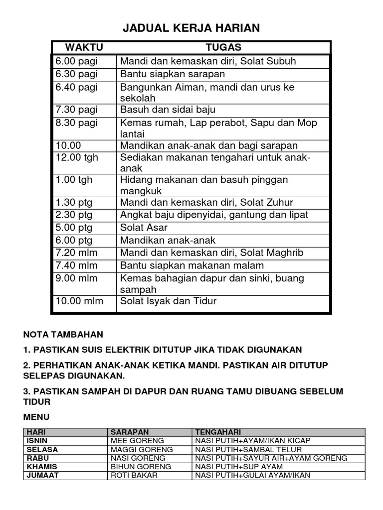 Membuat laporan harian bulanan dan tahunan membuat laporan harian bulanan tahunan dengan mudah yaitu dengan filter tanggal input data. JADUAL KERJA HARIAN PEMBANTU RUMAH TANGGA PRT 1 KERJA KERJA HARIAN PRT. Urus Masa Dengan Jadual Kerja Harian To Do List Rina Zul.
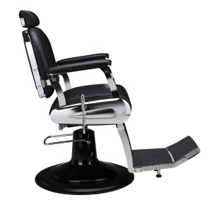 Regulowane oparcie i wygodny podnóżek zapewniają maksymalny komfort zarówno dla klienta, jak i barberów podczas codziennej pracy.
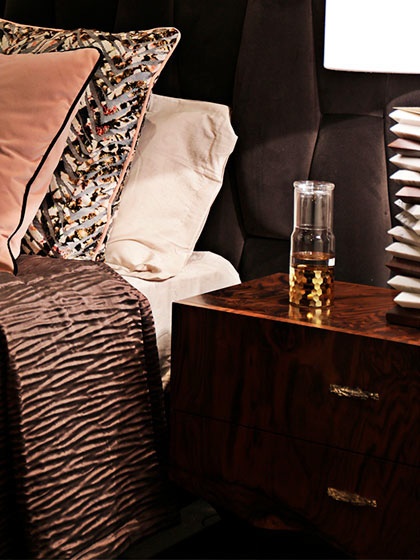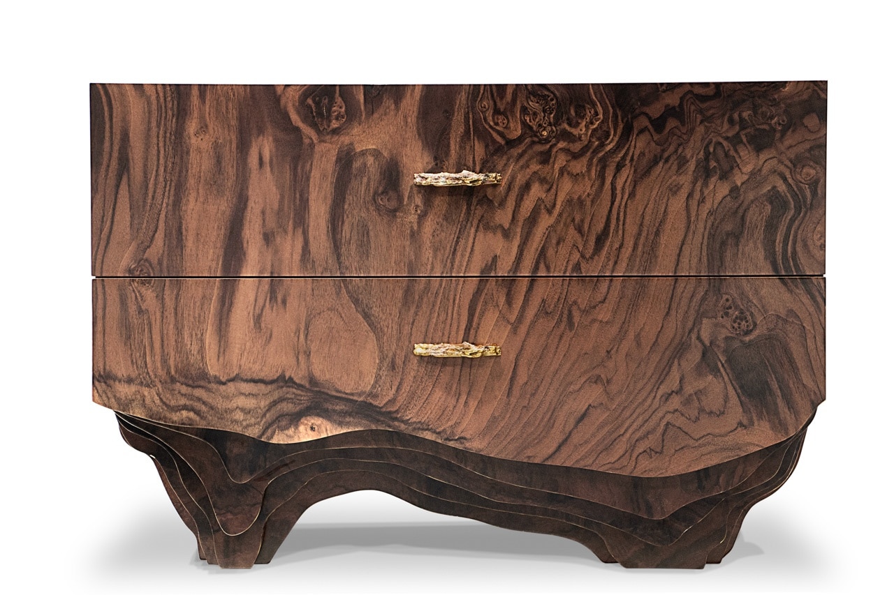 Maria Marshall Bedside Table. It features an outside in walnut root veneer, an inside in rosewood veneer and details in matte hammered brushed aged brass. This wood bedside table brings instant character to modern interior design.

• **PROBLEM REQUIREMENTS**
What is needed is an exact repeat of only the lines from the one containing "Regulowane oparcie i" through the last line of the listing above, both ends included, without the pictures.

• **TASK OUTPUT**
 Regulowane oparcie i wygodny podnóżek zapewniają maksymalny komfort zarówno dla klienta, jak i barberów podczas codziennej pracy.
 Maria Marshall Bedside Table. It features an outside in walnut root veneer, an inside in rosewood veneer and details in matte hammered brushed aged brass. This wood bedside table brings instant character to modern interior design.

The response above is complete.